La misma observación se aplica a la madre de este rey como a la madre de Joacaz. Su nombre es Zebuddah, la hija de Pedaiah de Rumah. Probablemente vino de una de las ciudades de Judá. Joacim, al principio tributario de Faraón, luego se convierte en tributario de Nabucodonosor, cuyo reinado comenzó el cuarto año de Joacim. Las advertencias del Señor son prodigadas sobre él por Jeremías (Jer. 22:13-19) y otros profetas; no se les presta atención. Él mata a Urijah, un profeta que profetizó contra Jerusalén y contra Judá, pero que, careciendo de fe en presencia de los planes asesinos del rey, huyó a Egipto (Jer. 26:20-23). Jeremías también corre los mismos peligros, pero este hombre de Dios confía en la palabra del Señor: “Y he aquí, te señalo hoy como una ciudad fuerte, y una columna de hierro, y muros de bronce, contra toda la tierra; contra los reyes de Judá, contra sus príncipes, contra sus sacerdotes y contra el pueblo de la tierra. Y pelearán contra ti, pero no prevalecerán contra ti, porque yo estoy contigo dice Jehová, para librarte” (Jer. 1:18-19; ver también Jer. 6:27; 15:20-21). El Señor vela por él según esta palabra. Cuando en su incredulidad el rey, después de haber cortado el rollo de la profecía de Jeremías con una navaja y arrojarlo al fuego, busca aún más apoderarse del profeta y su fiel compañero, Baruc, se nos dice que “Jehová los escondió” (Jer. 36, especialmente Jer. 36:23, 26).

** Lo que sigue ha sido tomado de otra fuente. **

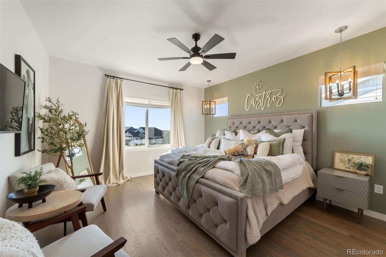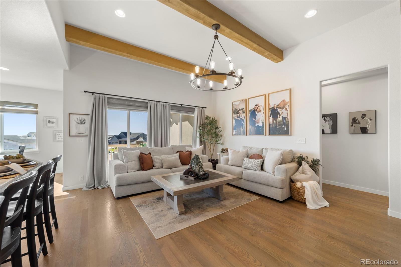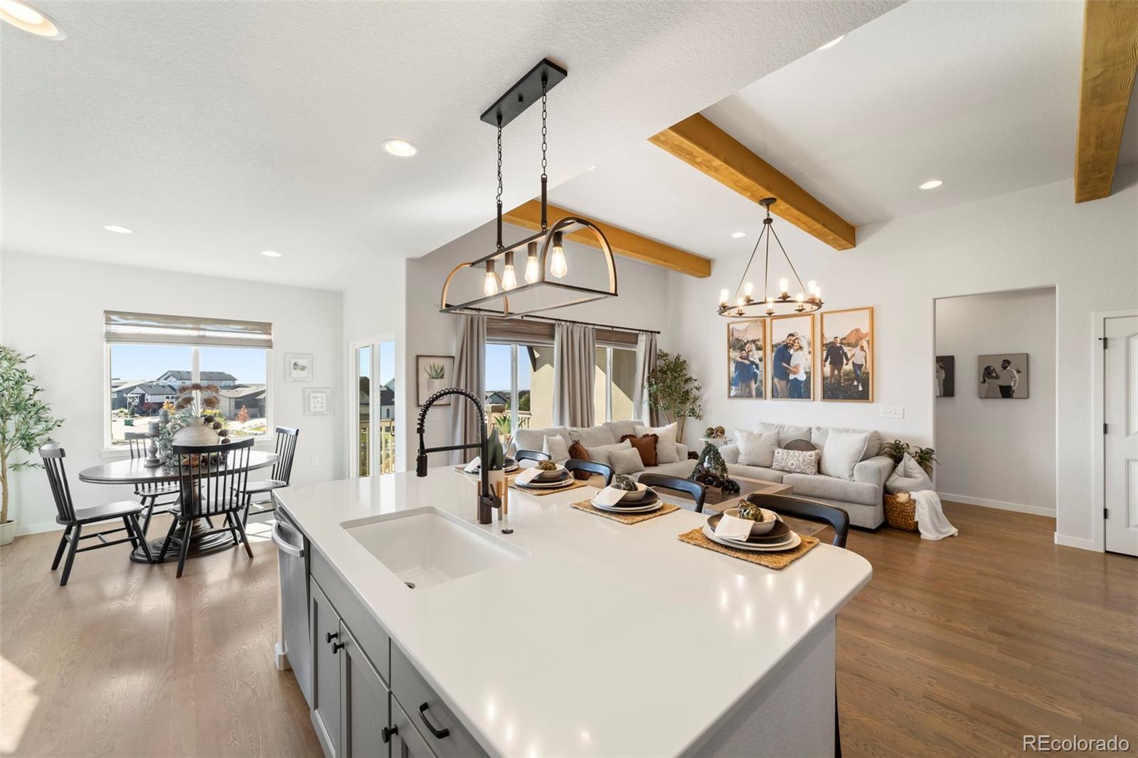 This stunning ranch-style home is nestled in the desirable Cordera community, steps from parks & schools. Thoughtfully designed with timeless style & cozy sophistication, this home combines modern comfort with classic touches that feel straight out of a magazine. Set on a cul-de-sac boasting expansive Pikes Peak views from the front porch, the home flows seamlessly from the main living areas to the outdoors, ideal for entertaining or simply enjoying the serene landscape. Inside, the open-concept layout provides a spacious, light-filled atmosphere w/high ceilings & large windows showcasing our beautiful Colorado weather, while the gourmet kitchen, & dining area invite a relaxed, yet refined lifestyle. The main floor offers luxurious finishes, including hardwood floors, gorgeous beams, upgraded lighting, & a cozy fireplace in the great room. Those chilly Colorado days are perfect in this home w/3 fireplaces (1 negotiable), you also have a large walk-out upper deck & walk-out lower covered patio to a wonderful low-maintenance backyard w/luxury turf, landscape lighting, & a fully fenced yard. This home also has 2 Primary bedrooms each w/ensuite baths & walk-in closets, w/a massive lower family room! Upgraded barn doors in the main level office & Primary bath are beautiful touches! Cordera’s family-friendly environment & top-rated schools, combined with the tranquility of a cul-de-sac location, breathtaking mountain views, make this home an ideal choice for those seeking both serenity & convenience. Exploring nearby parks, taking advantage of the Club House w/pool, playground or other amenities, or possibly grabbing an outdoor concert on the community greens w/friends & neighbors, this home offers a lifestyle that's hard to beat. Literally steps to the elementary/middle school, Powers corridor for shopping, restaurants, entertainment, plus many hiking/biking trails out your backdoor...this is not a house...it's a home. Come take a peek...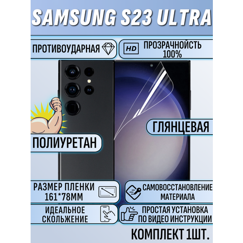 Гидрогелевая пленка Samsung S23 Ultra защитная глянцевая весь экран

Jeremías había comenzado a profetizar en el decimotercer año del fiel Josías, cuando el pueblo todavía disfrutaba de la prosperidad que la fidelidad del rey les había procurado, pero el pueblo no había escuchado. Entonces el profeta anunció los setenta años de cautiverio bajo el yugo de Babilonia (Jer. 25:11), el destino de todas las naciones, a la cabeza de las cuales colocó a Jerusalén, comparándola con los pueblos idólatras, y finalmente, el destino de Babilonia misma (Jer. 25:17-29). Este relato indica cómo sería la monarquía universal iniciada por Babilonia, independientemente de cuán corto pueda ser su dominio en comparación con el largo dominio asirio. Pero Asiria nunca había formado un reino compacto, bien establecido y universalmente reconocido como el de Babilonia.

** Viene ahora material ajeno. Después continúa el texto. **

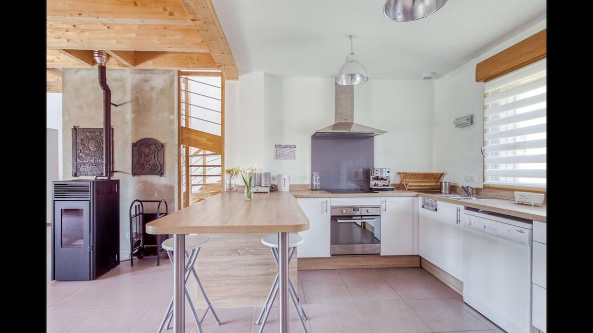Känn dig som hemma i denna funktionella lägenhet på 70 m2. En fullt utrustad lägenhet med ett utrustat kök (kaffebryggare, Senseo, vattenkokare, raclette, brödrost, mikrovågsugn ...) tvättmaskin, kylskåp med frys, skrivbord, wifi, barnstol, pelletsugn ... Vardagsrum med bäddsoffa Badrum i varje rum 1 sovrum: 1 dubbelsäng 1 sovrum: 1 dubbelsäng + 1 enkelsäng * Observera att lakan och handdukar ingår inte i hyran * Gratis parkering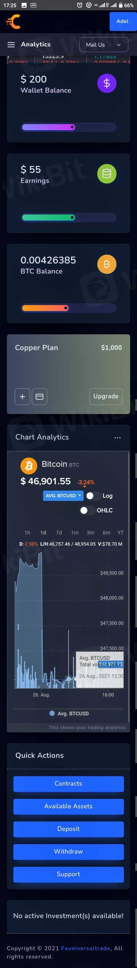 I was told that I can invest with the minimum amount of R500 after I transferred the amount of R500 worth of Bitcoin to their platform they told me that it was insufficient and I have to top it up with R900 they contacted me after two weeks telling me that they managed to trade with the minimum amount I paid but I need to pay the balance of R900 for them to pay the profits to me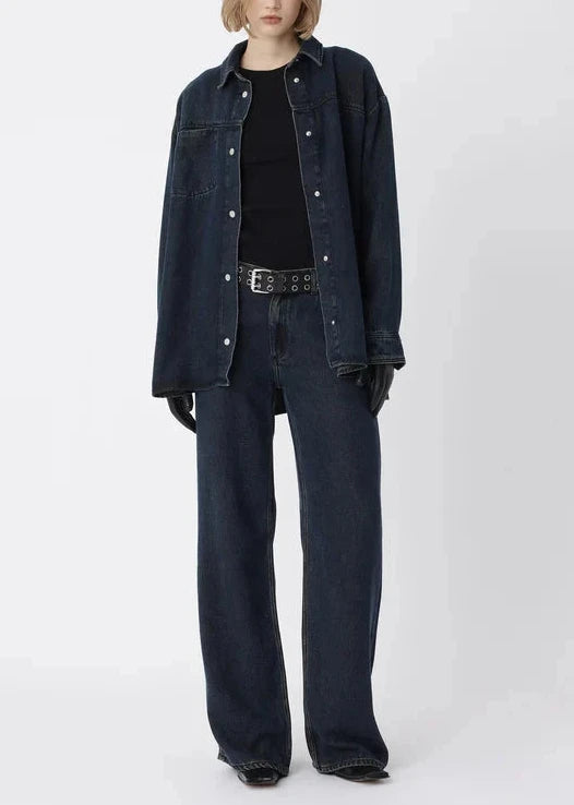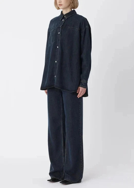 Oversize shirt with a high slit at back and a special front pocket. Created in our drapy denim in a dark blue wash.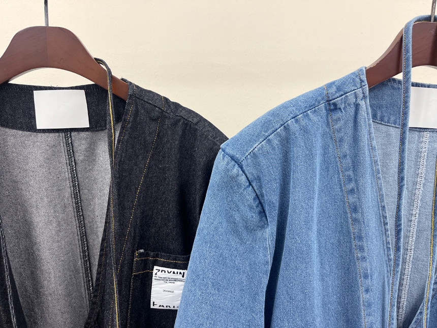 노카라 디자인으로 깔끔한 아웃핏이 연출되고

Joacim había cambiado de maestro. Apenas podía esperar para rebelarse contra Nabucodonosor. Después de que su tierra se había convertido en parte en presa de todos sus vecinos (2 Reyes 24:2), este monarca se levantó contra él y lo ató con cadenas de bronce para llevarlo a Babilonia (2 Crón. 36:6). Aprendemos por medio de Jeremías qué palabra había pronunciado Jehová acerca de él: “Por tanto, así dice Jehová acerca de Joacim, rey de Judá: No tendrá a nadie que se siente sobre el trono de David; y su cadáver será echado fuera de día al calor, y de noche a la escarcha” (Jer. 36:30).
“Ciertamente, por mandamiento de Jehová aconteció contra Judá, que fueran quitados de su vista, por los pecados de Manasés, según todo lo que había hecho; y también por la sangre inocente que había derramado; porque había llenado Jerusalén de sangre inocente, y Jehová no quiso perdonar” (2 Reyes 24:3-4). Desde el tiempo de Manasés este decreto irrevocable había salido del Señor; había sido suspendido durante el reinado de Josías, y habría permanecido así durante los reinados de sus sucesores si hubieran estado dispuestos a escuchar (Jer. 25:1-11). Había dos causas para este juicio final: idolatría y sangre inocente; y Joacim, como Manasés, se había despojado de este último según su poder en Jerusalén, la ciudad que ha matado a los profetas y apedreado a los que fueron enviados a ella.
Desde entonces Faraón no volvió a salir de su tierra (2 Reyes 24:7), ya que el imperio babilónico lo había privado de todas sus posesiones desde el Nilo hasta el Éufrates.